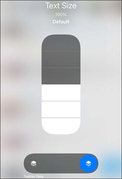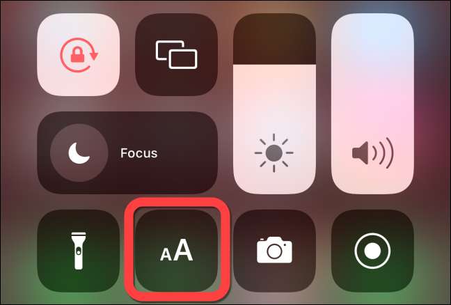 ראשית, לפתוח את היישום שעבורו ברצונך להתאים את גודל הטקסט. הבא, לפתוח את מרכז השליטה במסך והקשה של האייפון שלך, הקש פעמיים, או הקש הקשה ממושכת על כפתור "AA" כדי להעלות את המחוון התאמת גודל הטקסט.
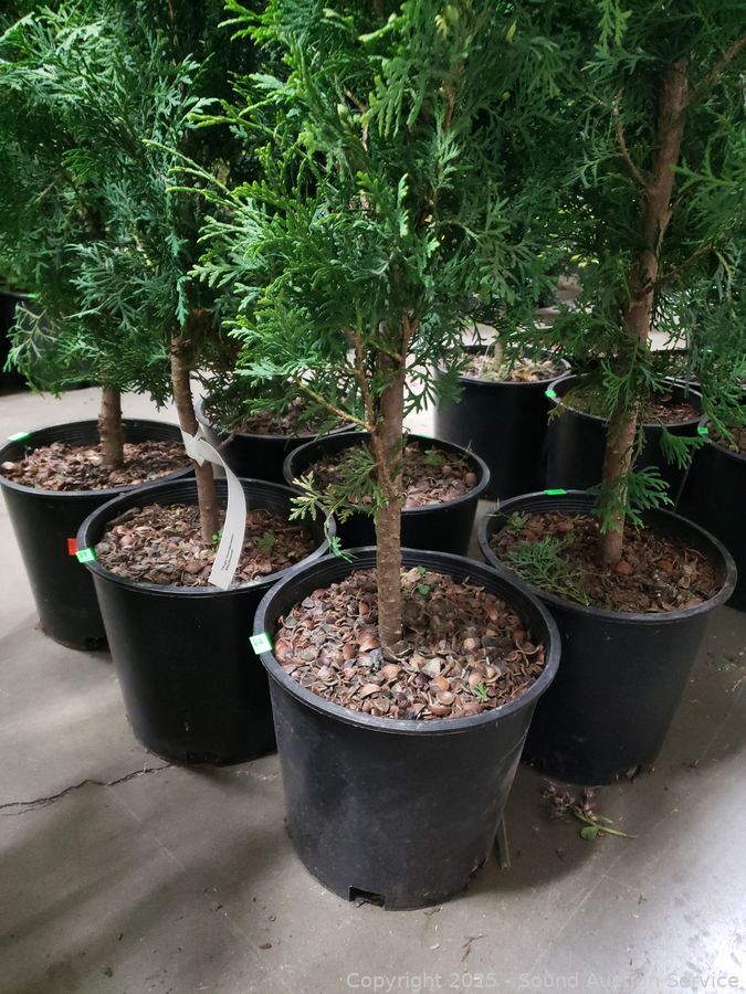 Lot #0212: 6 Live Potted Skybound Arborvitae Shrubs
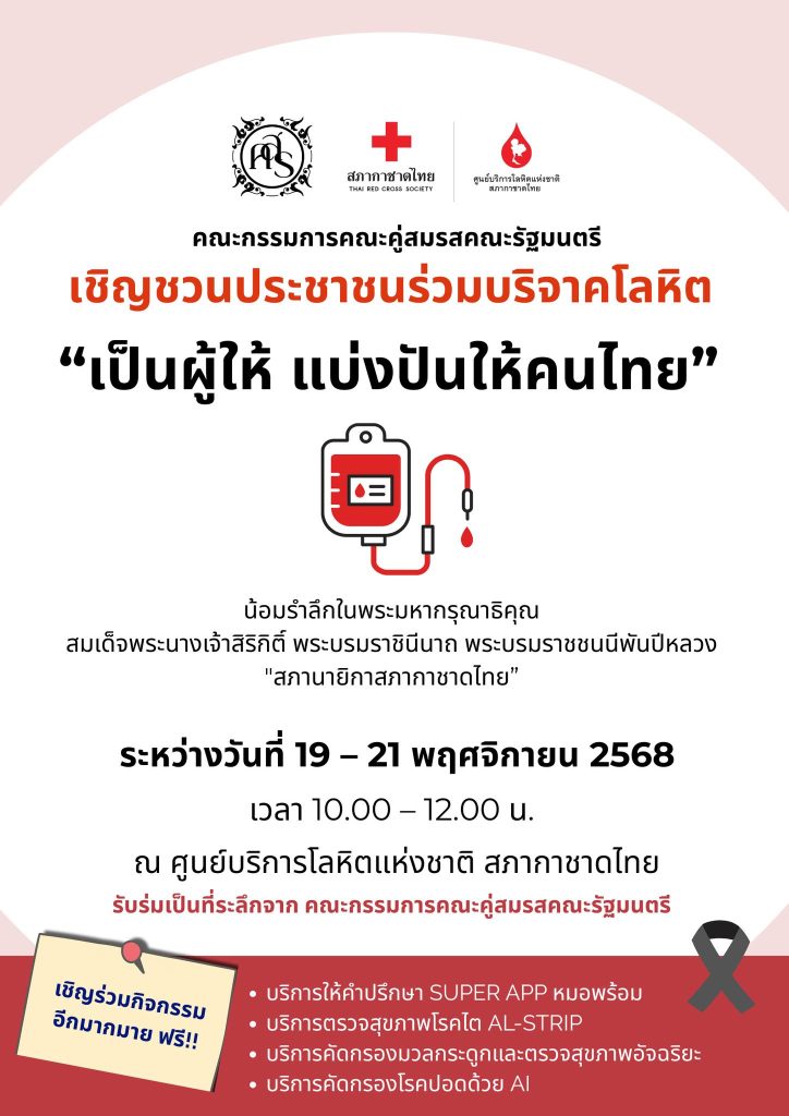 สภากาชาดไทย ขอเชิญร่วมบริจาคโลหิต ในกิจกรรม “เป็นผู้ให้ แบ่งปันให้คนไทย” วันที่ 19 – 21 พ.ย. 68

Exercise requirements | When you copy the listing, keep every line exactly as it is but leave out all images.

Result of the task |
 ראשית, לפתוח את היישום שעבורו ברצונך להתאים את גודל הטקסט. הבא, לפתוח את מרכז השליטה במסך והקשה של האייפון שלך, הקש פעמיים, או הקש הקשה ממושכת על כפתור "AA" כדי להעלות את המחוון התאמת גודל הטקסט.
 Lot #0212: 6 Live Potted Skybound Arborvitae Shrubs
 สภากาชาดไทย ขอเชิญร่วมบริจาคโลหิต ในกิจกรรม “เป็นผู้ให้ แบ่งปันให้คนไทย” วันที่ 19 – 21 พ.ย. 68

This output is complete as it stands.